The rise of tragicomic books
![]() A panel from Somerville-based artist Jordan Crane's 2002 work "Keeping Two" (left). A panel from "Mjau Beibi" (Meow Baby), 2003, by Norwegian artist Jason (right). |
COMICS ARE a medium, not a genre." That's been the mantra of comic-book aficionados ever since cartoonist Art Spiegelman won the Pulitzer Prize in 1992 for his masterful cat-and-mouse Holocaust narrative ''Maus." Today, instead of being relegated to the Comics (or worse, Humor) section of bookstores, ''Maus" and its descendants-Iranian cartoonist Marjane Satrapi's ''Persepolis," about her childhood during the Islamic Revolution, say, or globe-trotting journalist Joe Sacco's ''Palestine," about daily life in the West Bank and Gaza-are not infrequently shelved where they belong: in History, Biography, or Fiction.

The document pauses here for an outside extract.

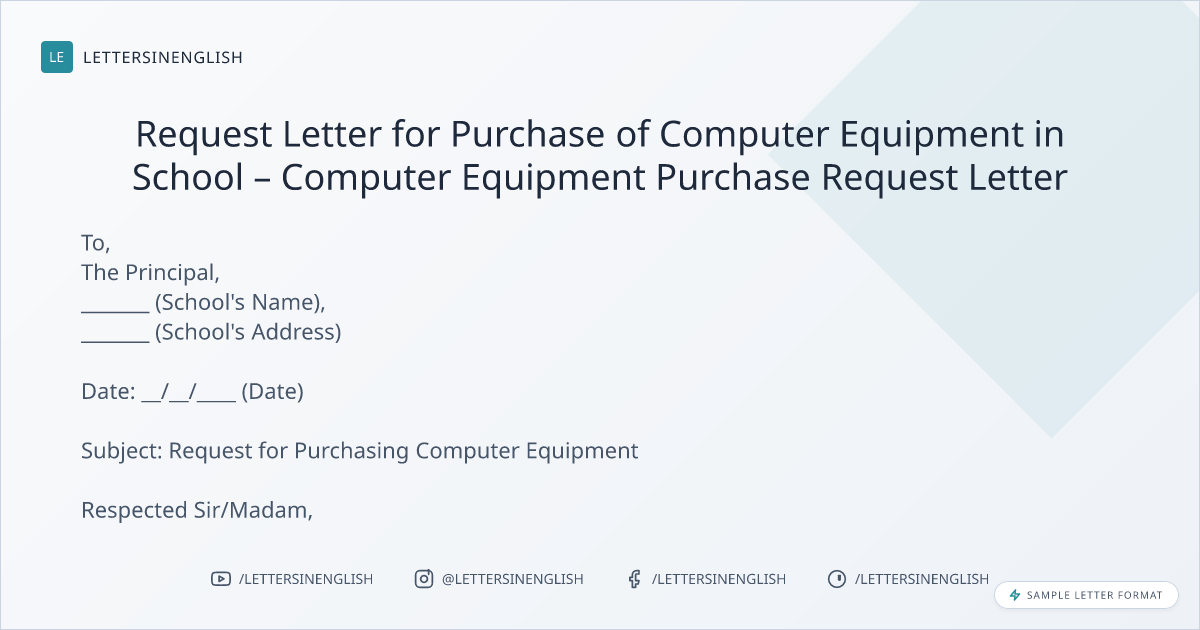 Request Letter for Purchase of Computer Equipment in School – Computer Equipment Purchase Request Letter

To find out what's next in the evolution of this medium, consult ''Pictures and Words" (Yale), a newly published overview, edited by Roanne Bell and Mark Sinclair, of cutting-edge work in ''narrative illustration": that is, the telling of a story through images and text, or images alone. A glance at the book, which features 31 artists from America (including Somerville-based artist Jordan Crane), Britain, France, Finland, South Africa, Hong Kong, and 10 other countries, suggests that what's newest about new comic art is its range of subject matter, now as boundless as other narrative art forms, from novels to cinema.
''I think things shifted with 'Maus,"' claims Sinclair, a senior writer at the London-based magazine Creative Review, in an e-mail exchange. ''Nowadays, when Chris Ware can tackle American culture and family values, and Joe Sacco can provide an eyewitness account of post-war Iraq for [the British newspaper] The Guardian, one of the defining characteristics of the new work seems to be that there are no defining characteristics."